Kosch: It’s also an opportunity, although it sounds counterintuitive, to talk about things that are going right. We always tell our clients that a presentation on a problem is a fine time to discuss recent victories, or successes, or satisfied customers. When you proactively bring up a problem, including ideas for its resolution, you can use that opportunity to discuss what’s going well and why.
Presentations: That sounds like a dangerous game. Won’t clients see through you?
Kosch: Well, you have to do it right, of course. It should be done sincerely, not as a tricky ploy to evade an issue. We once had a client in the chemical industry, and they wanted to communicate a significant price increase on one of their products. So they just put it out there and hoped the right people wouldn’t notice. It went over like a lead balloon, of course, and someone had to present to those people to explain how they had chosen to handle the price increase that way. We told them to be forthright, say that they had made a mistake, explain why decision was made to handle it that way and to say that they would like to get past it. And apologize, of course. But we asked our clients: After that part, after the issue is dealt with, why leave the customer thinking only about the failure when there have been successes in the relationship?
Shonka: Our client took some of the emotion out of the issue by acknowledging it, and admitting they shouldn’t have handled it the way they did. They also discussed with their customer how to handle issues like this in the future, which re-established the mutual dialogue and allowed them to create a plan that would work for both parties. Having that section of your presentation where you talk about successes helps you to manage the relationship and keep your last contact from ending on a negative note, even when you’ve just handled a really unpleasant problem. Also, it gives you somewhere else to go in the presentation once you’ve dealt with the issue, and gives you an opportunity to make other points.
Presentations: What mistakes can you make when trying to do something like this?
Kosch; If there’s an issue or a problem to address, don’t assume that everybody knows what it is. And don’t assume that you know all the ramifications of this issue. Get more than one perspective on how it affects the company. This is definitely a time to do your homework and know what you’re talking about. You can’t afford not to when the client is already unhappy with you.
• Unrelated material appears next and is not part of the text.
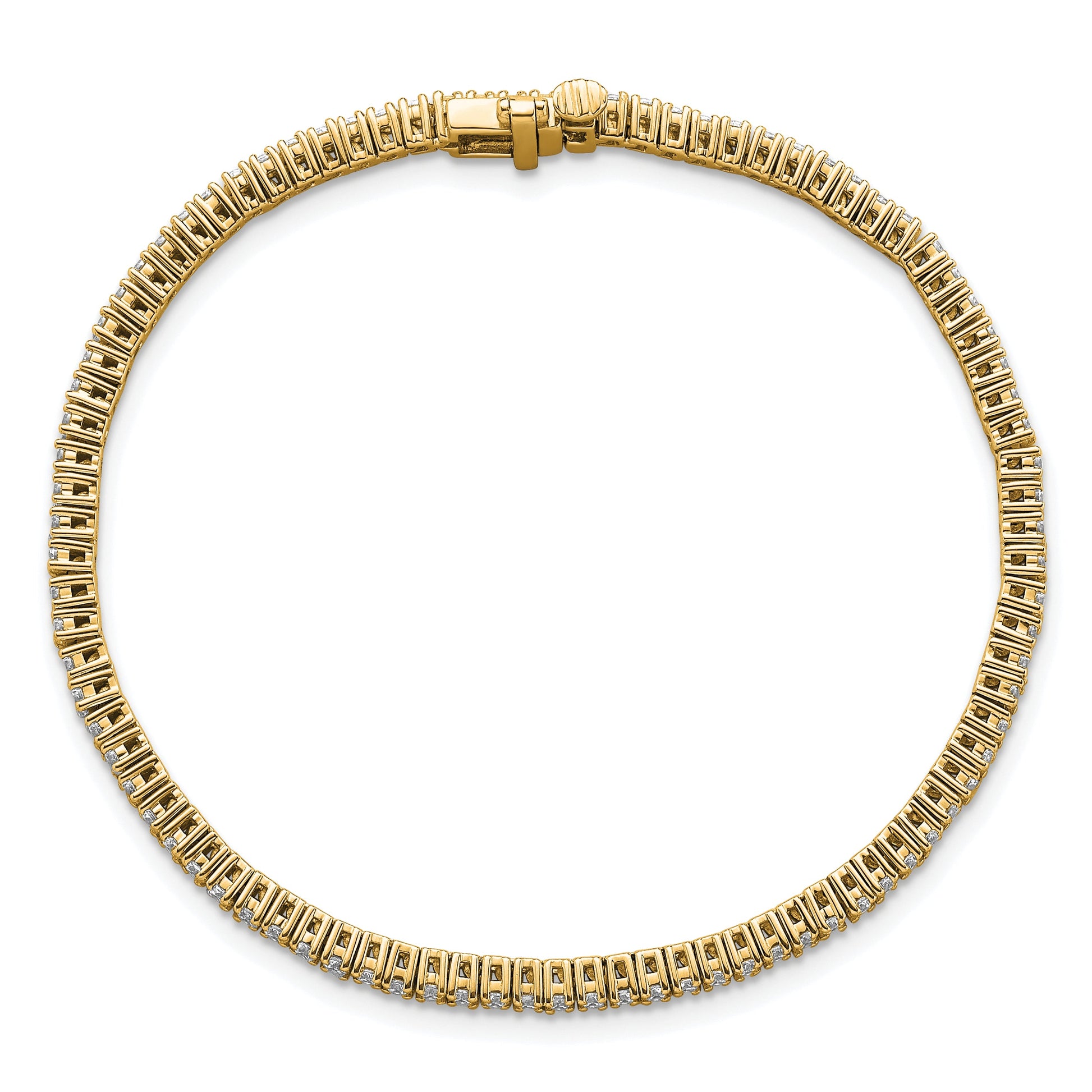 Introducing the 14K Yellow Gold 2 Carat Lab Grown Diamond Vs/Si+ G+ Complete Tennis Bracelet. This stunning piece features 40 and 50 lab-grown diamonds that sparkle bright with a VS+ clarity and F+ color grade. The polished 14K yellow gold adds warmth and durability, making it perfect for everyday wear or special moments. The bracelet measures 7 inches long and has a sleek 2mm width, secured with a sturdy box catch clasp. Designed with faceted round stones, it delivers a radiant shine that commands attention. Elevate your style with the elegance of the 14K Yellow Gold 2 Carat Lab Grown Diamond Tennis Bracelet today.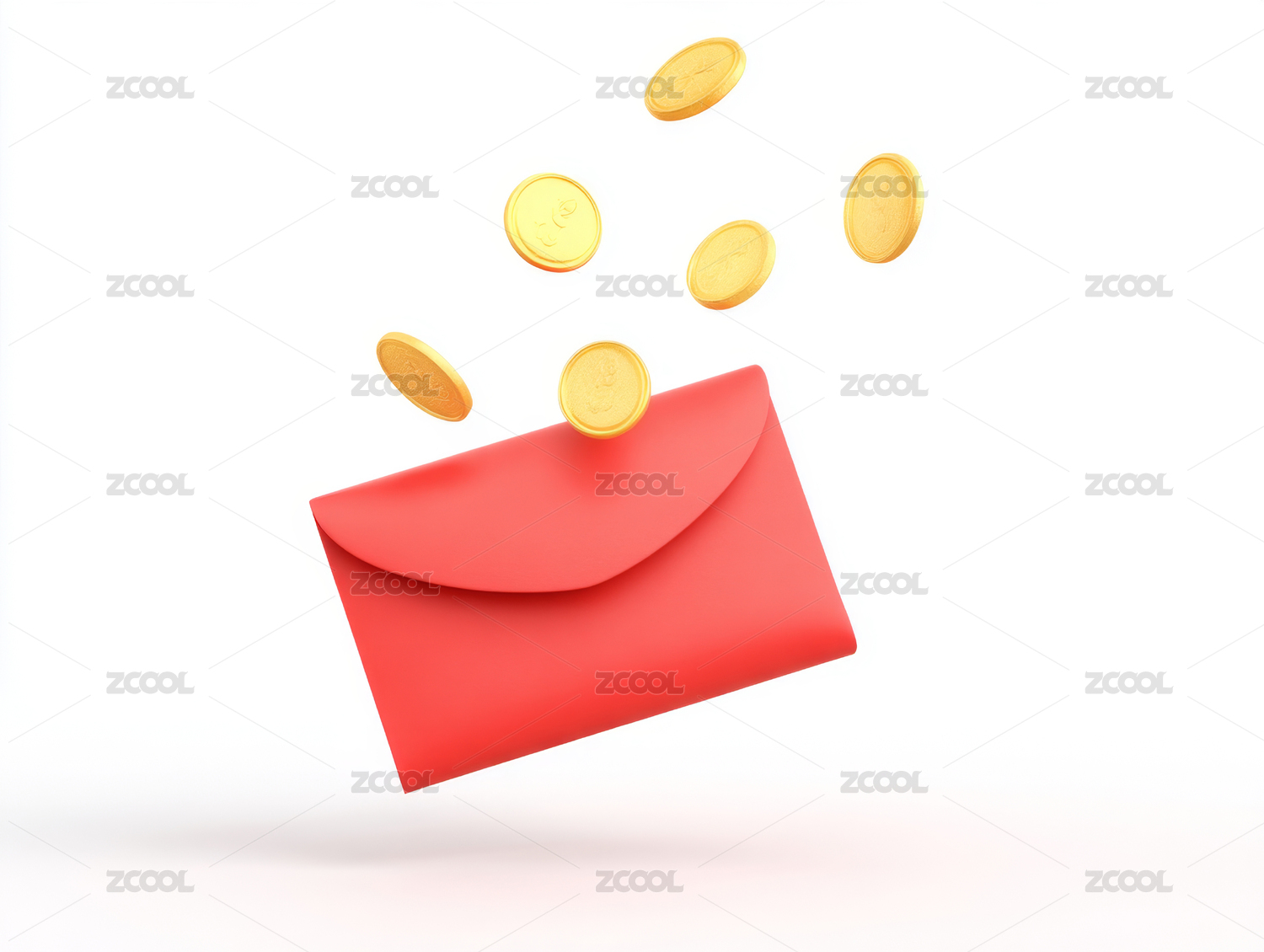 3D春节压岁钱红包金钱金融钱袋喜庆手拿红

Shonka: In a typical presentation, you want to move toward a close, because you’re moving to accomplish something, either to convey some information or encourage the client toward a decision. But you can’t close a presentation on a contentious issue that way. You can guide the conversation toward a resolution, but you need to work toward a conclusion with the person or people you’re presenting to. And you can’t move it too fast, either. You don’t want to ask, “Are we done? Can we move on?” If the client isn’t satisfied with the way the problem is resolved, you’re not done. Here, the presenter is the message—your sincerity, your willingness to work together to fix what’s wrong—and the presentation itself is just the support media.